The resulting phenylpyridines were characterised via 1H NMR and 19F NMR.

(2’,4’-difluoro)-2-phenylpyridine: 1H NMR in CDCl3: 8.71 (d, 1H, aromatic, J= 8 Hz); 8.00 (dd, 1H, aromatic, J=8Hz, 2Hz); 7.72-7.75 (m, 2H, aromatics); 7.25 (dd, 1H, aromatic, J=8Hz, 2Hz); 7.01 (dd, 1H, aromatic, J=8 Hz, 2Hz); 6.92 ppm (dd, 1H, aromatic, J=8Hz, 2Hz). 19F NMR in CDCl3: -109.39 (F pos. 2 with respect to phenylpyridine); -113.06 ppm (F pos. 4 with respect to phenylpyridine).

(3’,5’-difluoro)-2-phenylpyridine: 1H NMR in CDCl3: 8.68 (d, 1H, aromatic, J= 8 Hz, 2Hz); 7.77 (dd, 1H, aromatic, J=8Hz, 2Hz); 7.67 (d, 1H, aromatic, J=8Hz); 7.54 (s, 1H, aromatic); 7.52 (s, 1H, aromatic); 7.28 (dd, 1H, aromatic, J=8Hz, 2Hz); 6.84 ppm (dd, 1H, aromatic, J=8Hz, 2Hz). 19F NMR in CDCl3: -109.63 ppm (F).

(2’,4’-ditrifuoromethyl)-2-phenylpyridine: 1H NMR in CDCl3: 8.71 (d, 1H, aromatic, J= 8 Hz); 8.02 (s, 1H, aromatic); 7.88 (d, 1H, aromatic, J=8Hz); 7.79 (dd, 1H, aromatic, J=8Hz, 2Hz); 7.66 (d, 1H, aromatic, J=8 Hz); 7.44 (d, 1H, aromatic, J=8Hz); 7.37 ppm (dd, 1H, aromatic, J=8Hz, 2Hz). 19F NMR in CDCl3: -57.39 (CF3 pos. 2 with respect to pyridine); -63.05 ppm (CF3 pos. 4 with respect to pyridine).

(3’,5’-ditrifuoromethyl)-2-phenylpyridine: 1H NMR in CDCl3: 8.73 (d, 1H, aromatic, J= 8 Hz); 8.47 (s, 2H, aromatics); 7.90 (s, 1H, aromatic); 7.81 (dd, 2H, aromatics, J=8Hz, 2Hz); 7.33 ppm (dd, 1H, aromatic, J=8 Hz, 2Hz). 19F NMR in CDCl3: -63.06 ppm (CF3).

Complexes 1-5 were prepared via the dichloro-bridged cyclometalated intermediate, according to previously published procedures (see refrence 8).
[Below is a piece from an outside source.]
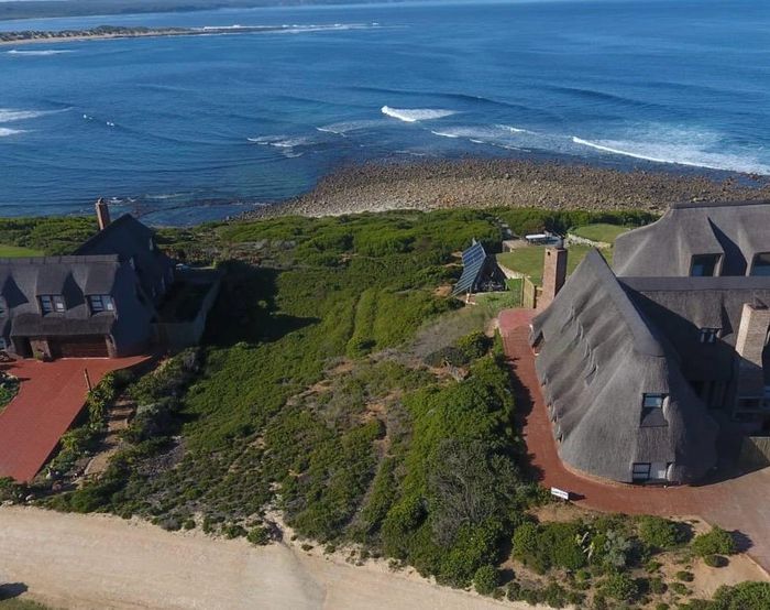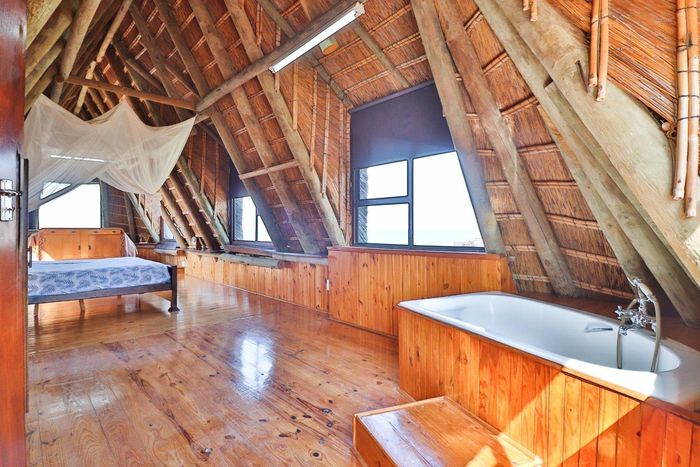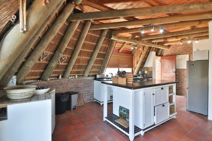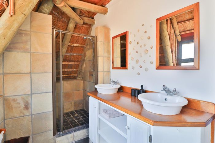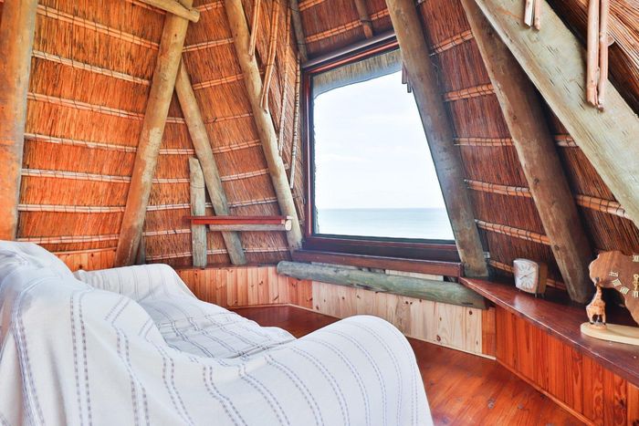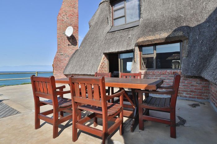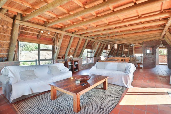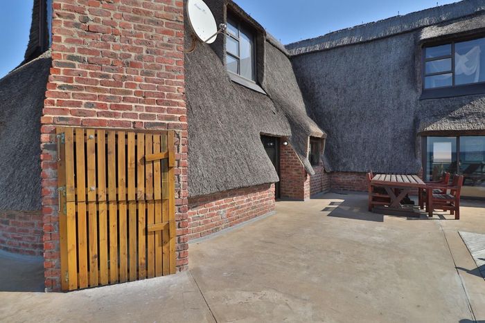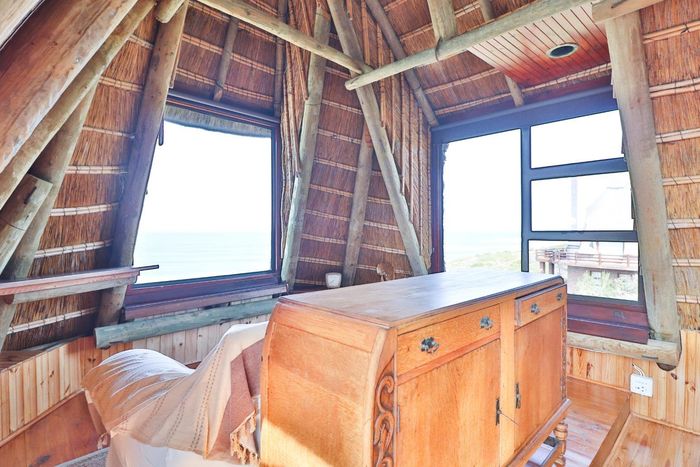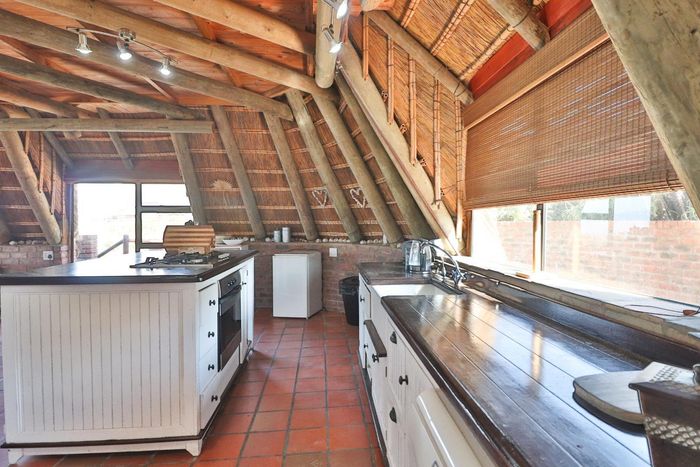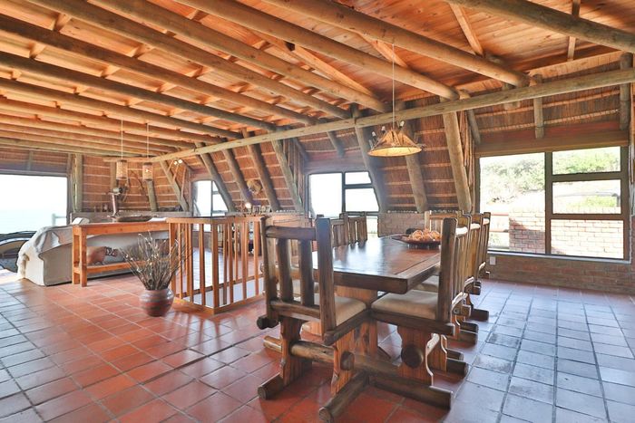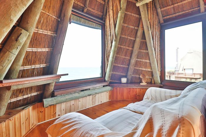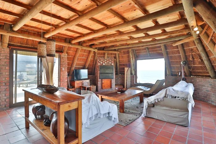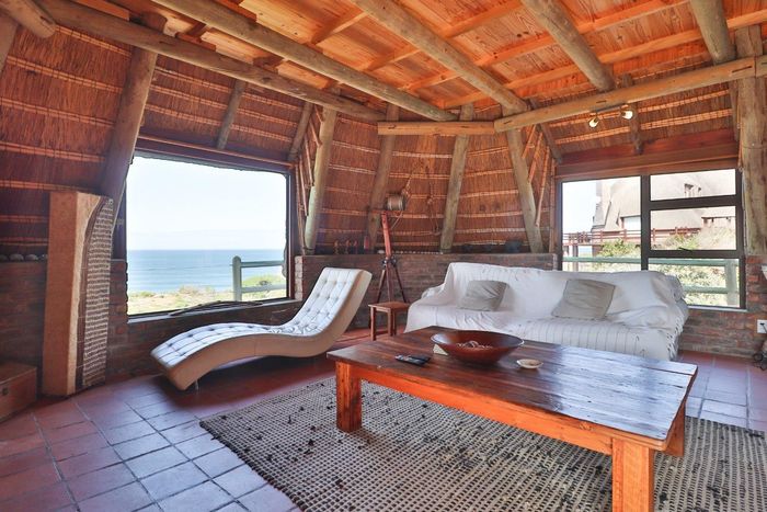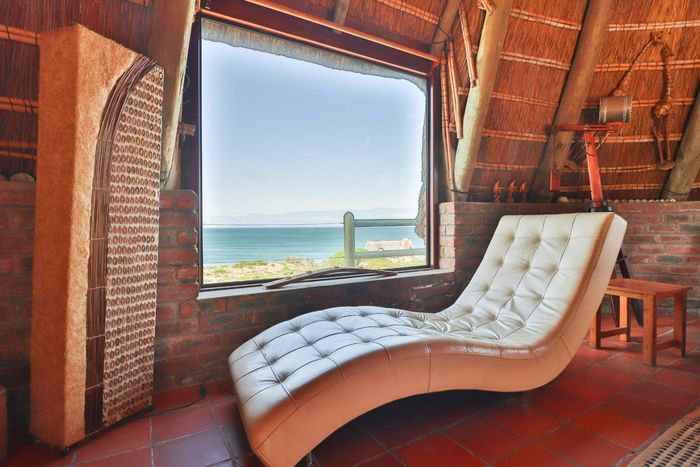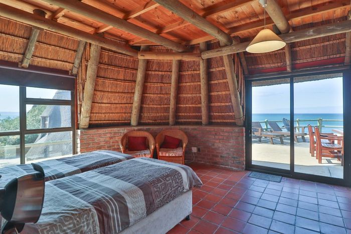 Beachside reserve living in Bosbokduin Estate with direct beach access and historic Visvywers; thatched home offers expansive ocean-view balconies, a country-style kitchen, five bedrooms, 3.5 baths, double garage.
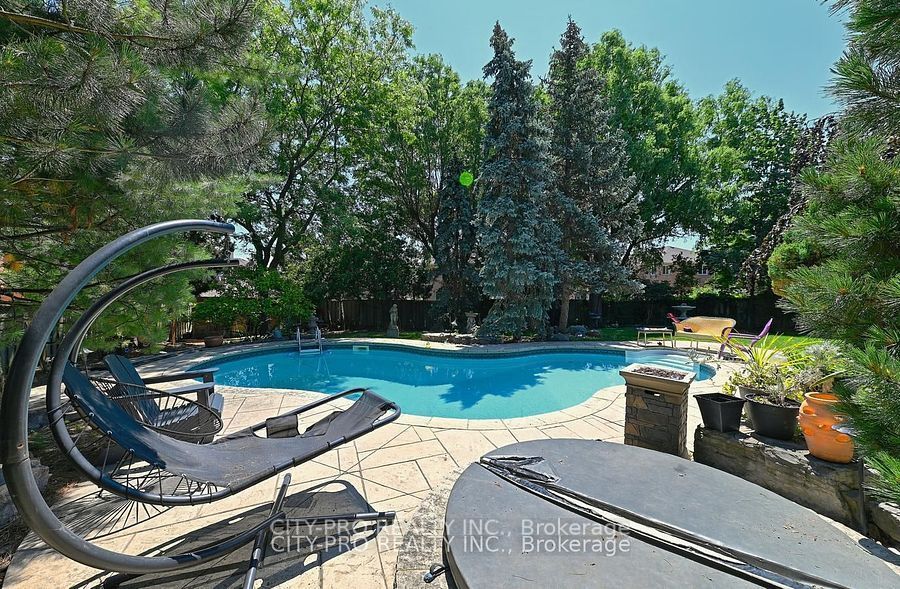 A beautiful Executive 4+1 Bedrooms Home. "The Colonial Model' 4570 Sq.Ft. Living Space, built by Heatwood Homes, 3159 SF A/Grade plus 1411 SF Finished Basement on a Huge 0.272 Acre Lot. A large swimming Pool, Hot Tub, Change? Room, Patterned Concrete Floor, Matured trees, professionally landscaped. Hardwood in 2nd Floor BRs, LIV, DIN, Family, Great Rooms, Stairway, and Landing Area. Three Gas Fireplaces, Double Door Entry, High Foyer, and Pool with all accessories. Finished Bsmt with 1 BR, Wet Bar, Sauna, 3 PC Baith w/Shower, and Large REC Room w/Gas Fireplace, Interlock Driveway and Walkway to home and more.Price includes all existing Kitchen appliances on the main floor, washer & dryer and basement fridge, window coverings, and all pool accessories.

Purification of the complexes was performed via chromatography using dichloromethane as eluent. The complexes were obtained as amorphous yellow powders and were characterised via 1H NMR and 19F NMR.

[(2’,4’-difluoro)-2-phenylpyridine]4Ir2Cl2: 1H NMR in CDCl3: 9.11 (d, 1H, aromatic, J=8Hz); 8.29 (d, 1H, aromatic, J=8Hz); 7.82 (dd, 1H, aromatic, J=8Hz, 2Hz); 6.81 (dd, 1H, aromatic, J=8Hz, 2Hz); 6.33 (dd, 1H, aromatic, J=8Hz, 2Hz); 5.28 ppm (d, 1H, aromatic, J=8Hz). 19F NMR in CDCl3: -107.77 (F pos. 3 with respect to iridium centre); -110.36 ppm (F pos. 5 with respect to iridium centre).

[(3’,5’-difluoro)-2-phenylpyridine]4Ir2Cl2: 1H NMR in CDCl3: 9.06 (d, 1H, aromatic, J=8Hz); 7.77 (dd, 2H, aromatic, J=8Hz, 2Hz); 7.19 (d, 1H, aromatic, J=8Hz); 6.36 (dd, 1H, aromatic, J=8Hz, 2Hz); 6.19 ppm (dd, 1H, aromatic, J=8Hz, 2Hz). 19F NMR in CDCl3: -103.17 (F pos. 4 with respect to iridium centre); -120.20 ppm (F pos. 6 with respect to iridium centre).

[(2’,4’-ditrifuloromethyl)-2-phenylpyridine]4Ir2Cl2: 1H NMR in CDCl3: 9.77 (d, 1H, aromatic, J=8Hz); 8.39 (dd, 1H, aromatic, J=8Hz, 2Hz); 7.92 (dd, 1H, aromatic, J=8Hz, 2Hz); 7.45 (s, 1H, aromatic); 7.41 (dd, 1H, aromatic, J=8Hz, 2Hz); 6.50 ppm (d, 1H, aromatic, J=8Hz). 19F NMR in CDCl3: -57.61 (CF3 pos. 3 with respect to iridium centre); -63.46 ppm (CF3 pos. 5 with respect to iridium centre).

[(3’,5’-ditrifluoromethyl)-2-phenylpyridine]4Ir2Cl2: 1H NMR in CDCl3: 8.46 (d, 1H, aromatic, J=8Hz); 7.92 (s, 1H, aromatic); 7.88 (d, 1H, aromatic, J=8Hz); 7.81 (dd, 1H, aromatic, J=8Hz, 2Hz); 7.26 (s, 1H, aromatic); 6.55 ppm (dd, 1H, aromatic, J=8Hz, 2Hz). 19F NMR in CDCl3: -58.20 (CF3 pos. 4 with respect to iridium centre); -62.70 ppm (CF3 pos. 6 with respect to iridium centre).